Mohon tunggu...
B Budi Windarto
B Budi Windarto Mohon Tunggu... Guru - Pensiunan
Akun Diblokir

Akun ini diblokir karena melanggar Syarat dan Ketentuan Kompasiana.
Untuk informasi lebih lanjut Anda dapat menghubungi kami melalui fitur bantuan.

Lahir di Klaten 24 Agustus 1955,.Tamat SD 1967.Tamat SMP1970.Tamat SPG 1973.Tamat Akademi 1977

Selanjutnya

Tutup

Humaniora Pilihan

Pilih Berbuat Baik atau Jahat, Menyelamatkan atau Membinasakannya?

6 September 2021   09:21 Diperbarui: 6 September 2021   09:42 256
+
Laporkan Konten
Laporkan Akun
Kompasiana adalah platform blog. Konten ini menjadi tanggung jawab bloger dan tidak mewakili pandangan redaksi Kompas.
Lihat foto
Bagikan ide kreativitasmu dalam bentuk konten di Kompasiana | Sumber gambar: Freepik

Bacaan  Senin, 6 September 2021

Luk 6:6 Pada suatu hari Sabat lain, Yesus masuk ke rumah ibadat, lalu mengajar. Di situ ada seorang yang mati tangan kanannya. 7 Ahli-ahli Taurat dan orang-orang Farisi mengamat-amati Yesus, kalau-kalau Ia menyembuhkan orang pada hari Sabat, supaya mereka dapat alasan untuk mempersalahkan Dia. 8 Tetapi Ia mengetahui pikiran mereka, lalu berkata kepada orang yang mati tangannya itu: "Bangunlah dan berdirilah di tengah!" Maka bangunlah orang itu dan berdiri. 9 Lalu Yesus berkata kepada mereka: "Aku bertanya kepada kamu: Manakah yang diperbolehkan pada hari Sabat, berbuat baik atau berbuat jahat, menyelamatkan nyawa orang atau membinasakannya?" 10 Sesudah itu Ia memandang keliling kepada mereka semua, lalu berkata kepada orang sakit itu: "Ulurkanlah tanganmu!" Orang itu berbuat demikian dan sembuhlah tangannya. 11 Maka meluaplah amarah mereka, lalu mereka berunding, apakah yang akan mereka lakukan terhadap Yesus.

Renungan

Adalah cerita rakyat nusantara, Lutung Kasarung.
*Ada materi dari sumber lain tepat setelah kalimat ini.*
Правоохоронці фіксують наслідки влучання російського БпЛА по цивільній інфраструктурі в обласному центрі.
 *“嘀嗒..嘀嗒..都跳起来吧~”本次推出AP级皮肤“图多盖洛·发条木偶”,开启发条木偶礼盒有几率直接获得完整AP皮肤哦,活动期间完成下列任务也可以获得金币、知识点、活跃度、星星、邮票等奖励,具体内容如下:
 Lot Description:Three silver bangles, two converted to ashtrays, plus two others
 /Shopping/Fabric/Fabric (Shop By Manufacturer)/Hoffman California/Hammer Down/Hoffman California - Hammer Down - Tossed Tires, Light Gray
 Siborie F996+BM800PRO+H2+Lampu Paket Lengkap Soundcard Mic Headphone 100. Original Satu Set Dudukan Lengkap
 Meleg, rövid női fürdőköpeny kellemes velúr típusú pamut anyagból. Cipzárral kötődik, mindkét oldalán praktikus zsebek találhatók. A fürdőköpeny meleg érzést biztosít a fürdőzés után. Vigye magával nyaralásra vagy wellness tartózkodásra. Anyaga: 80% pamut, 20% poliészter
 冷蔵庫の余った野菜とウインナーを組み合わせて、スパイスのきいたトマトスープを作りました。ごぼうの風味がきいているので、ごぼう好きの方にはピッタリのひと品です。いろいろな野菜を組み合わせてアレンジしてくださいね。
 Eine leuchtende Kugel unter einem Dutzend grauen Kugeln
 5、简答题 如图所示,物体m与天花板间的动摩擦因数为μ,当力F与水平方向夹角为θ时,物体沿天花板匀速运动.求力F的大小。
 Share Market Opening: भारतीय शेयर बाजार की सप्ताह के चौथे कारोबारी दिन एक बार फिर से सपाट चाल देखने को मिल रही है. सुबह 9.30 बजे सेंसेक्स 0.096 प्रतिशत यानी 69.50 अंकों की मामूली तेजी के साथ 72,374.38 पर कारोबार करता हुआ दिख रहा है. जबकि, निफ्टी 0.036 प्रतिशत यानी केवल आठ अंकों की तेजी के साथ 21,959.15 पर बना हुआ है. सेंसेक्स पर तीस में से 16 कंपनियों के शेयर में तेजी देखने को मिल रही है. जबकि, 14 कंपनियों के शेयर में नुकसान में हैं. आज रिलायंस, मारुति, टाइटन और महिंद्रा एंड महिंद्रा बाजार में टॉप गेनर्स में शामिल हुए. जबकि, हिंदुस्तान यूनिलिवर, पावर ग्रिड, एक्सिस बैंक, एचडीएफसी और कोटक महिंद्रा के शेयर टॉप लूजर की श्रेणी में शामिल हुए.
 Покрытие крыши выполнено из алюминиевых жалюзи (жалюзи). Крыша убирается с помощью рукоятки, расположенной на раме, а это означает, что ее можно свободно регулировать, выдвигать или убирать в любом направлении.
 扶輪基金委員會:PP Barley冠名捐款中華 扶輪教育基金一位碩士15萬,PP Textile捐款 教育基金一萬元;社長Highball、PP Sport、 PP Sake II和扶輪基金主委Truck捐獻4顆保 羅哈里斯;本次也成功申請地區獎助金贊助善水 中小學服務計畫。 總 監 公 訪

Prabu Tapa Agung, seorang raja di tanah Pasundan memiliki dua anak, Purbararang dan Purbasari. Ketika raja memilih Purbasari jadi ratu, kakaknya marah. Ia mencelakakan adiknya dengan pertolongan penyihir. Sekujur tubuh Purbasari berbintik-bintik hitam. Sehingga tak layak jadi ratu. Raja mengikuti kemauan Purbararang, diusirnya Purbasari ke hutan. Di hutan, Purbasari bersahabat dengan seekor kera hitam, yang dinamainya Lutung Kasarung. Suatu malam, saat bulan purnama, Lutung Kasarung menyuruh Purbasari mandi di telaga.. Purbasari kaget, kulitnya pulih kembali sewaktu mandi.
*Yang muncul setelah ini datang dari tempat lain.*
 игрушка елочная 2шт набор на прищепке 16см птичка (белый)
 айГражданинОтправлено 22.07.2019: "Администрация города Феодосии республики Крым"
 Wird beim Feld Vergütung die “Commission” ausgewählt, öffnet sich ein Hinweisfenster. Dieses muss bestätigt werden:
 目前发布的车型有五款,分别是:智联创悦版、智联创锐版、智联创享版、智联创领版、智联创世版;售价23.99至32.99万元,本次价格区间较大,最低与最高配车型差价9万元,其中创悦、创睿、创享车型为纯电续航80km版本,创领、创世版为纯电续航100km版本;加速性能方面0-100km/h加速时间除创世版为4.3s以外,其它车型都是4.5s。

Sesudah sekian lama jadi ratu, Purbararang menengok adiknya di hutan. Ia kaget melihat adiknya bercengkerama dengan monyet hitam. Terlebih Purbararang marah besar ternyata adiknya sudah pulih seperti semula bahkan semakin cantik mempesona. Ia merasa kedudukannya terancam. Ia mengatakan untuk dapat menjadi ratu, Purbasari mesti kini dapat menunjukkan sudah punya tunangan yang tampan. Dalam kebingungannya, Purbasari menarik tangan Lutung Kasarung. Kakaknya melecehkan, membully dan mempersekusinya habis-habisan. Calon ratu koq bertunangan dengan monyet hitam. Lutung Kasarung bersemedi. Berubahlah ia menjadi seorang pangeran berwajah tampan. Purbarang mengakui kesalahannya. Mohon dimaafkan dan tidak dijatuhi hukuman. Purbasari mengabulkan. Ia jadi ratu bersuamikan pangeran tampan.
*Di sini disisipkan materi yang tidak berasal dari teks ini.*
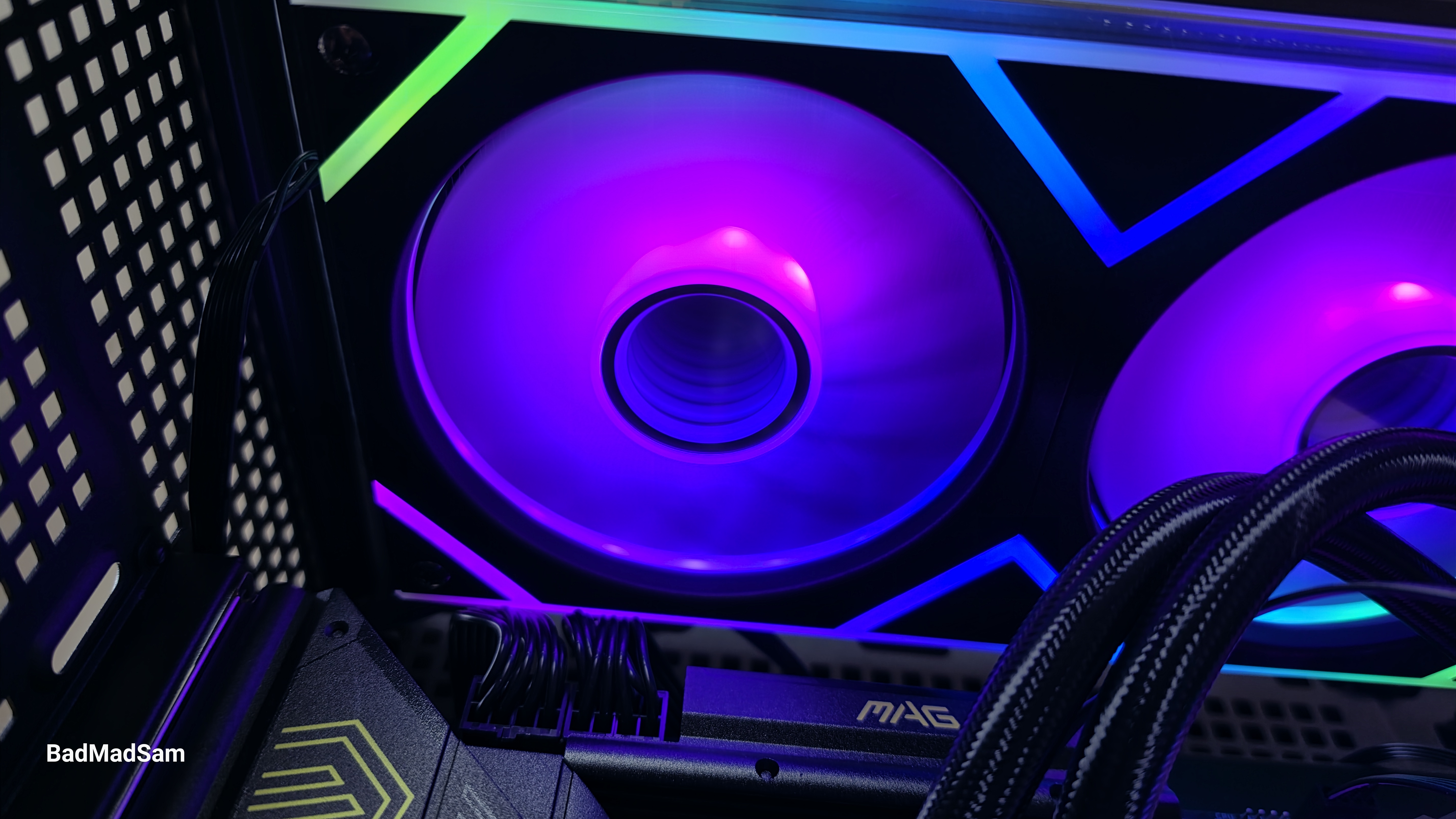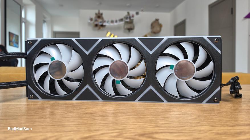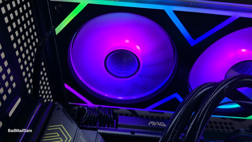 Подсветка у этой модели вообще сделана как один из главных визуальных аргументов. Она яркая, контрастная и многозонная. В рабочем состоянии вентиляторный блок светится сразу в нескольких местах: световые кольца вокруг каждой крыльчатки, внутренние зоны самих вентиляторов, длинная верхняя линия, геометрические вставки между секциями и боковые участки по краям. Из-за этого в темном корпусе система будет смотреться как сплошная композиция. Цвета переходят плавно, без скачков. Однако, мне показалось, что у вентиляторного блока внешние углы подсвечены не совсем равномерно, у водоблока с этим дела обстоят лучше.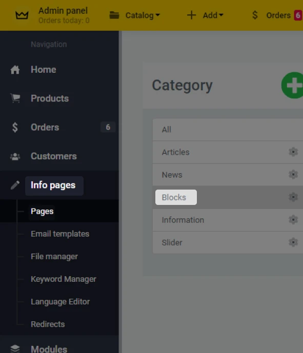 To this end, the site admin area, you have to pass: "Info pages / Pages / Blocks":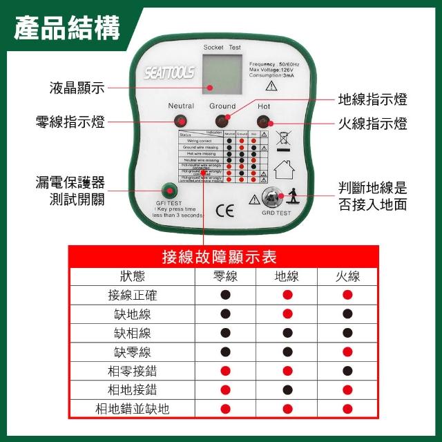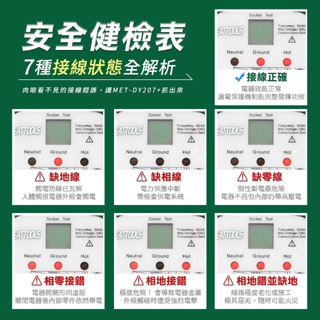 插座安全檢測器 驗電器 漏電跳脫功能 相位檢測 驗房工具 100V~126V 測電壓 漏電保護測試 618-DY207+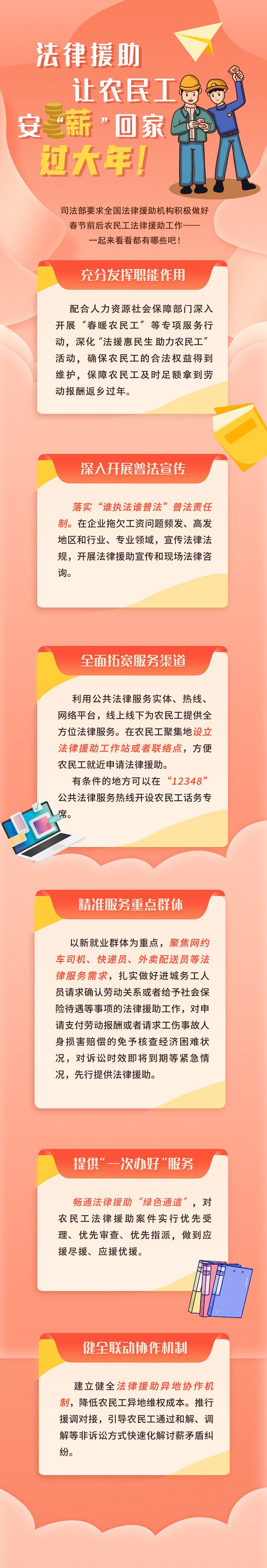 为做好春节前后农民工法律援助工作,司法部日前发出通知,要求全国法律援助机构为农民工提供“一次办好”法律援助服务,包括畅通法律援助“绿色通道”,对农民工法律援助案件实行优先受理、优先审查、优先指派,做到应援尽援、应援优援。

Bacaan Injil hari ini menarasikan bagaimana rasa iri, dengki, benci, marah melatarbelakangi sikap dan tindakan orang-orang Farisi dan ahli-ahli Taurat setiap kali berhadapan dengan Yesus Nasaret. Suatu kali ketika Yesus masuk ke rumah ibadat dan mengajar, di situ ada seorang yang mati tangan kanannya. Dengan penuh iri dan prasangka buruk, ahli-ahli Taurat dan orang-orang Farisi mengamat-amati Yesus, kalau-kalau Ia menyembuhkan orang pada hari Sabat, supaya mereka dapat alasan untuk mempersalahkan Dia.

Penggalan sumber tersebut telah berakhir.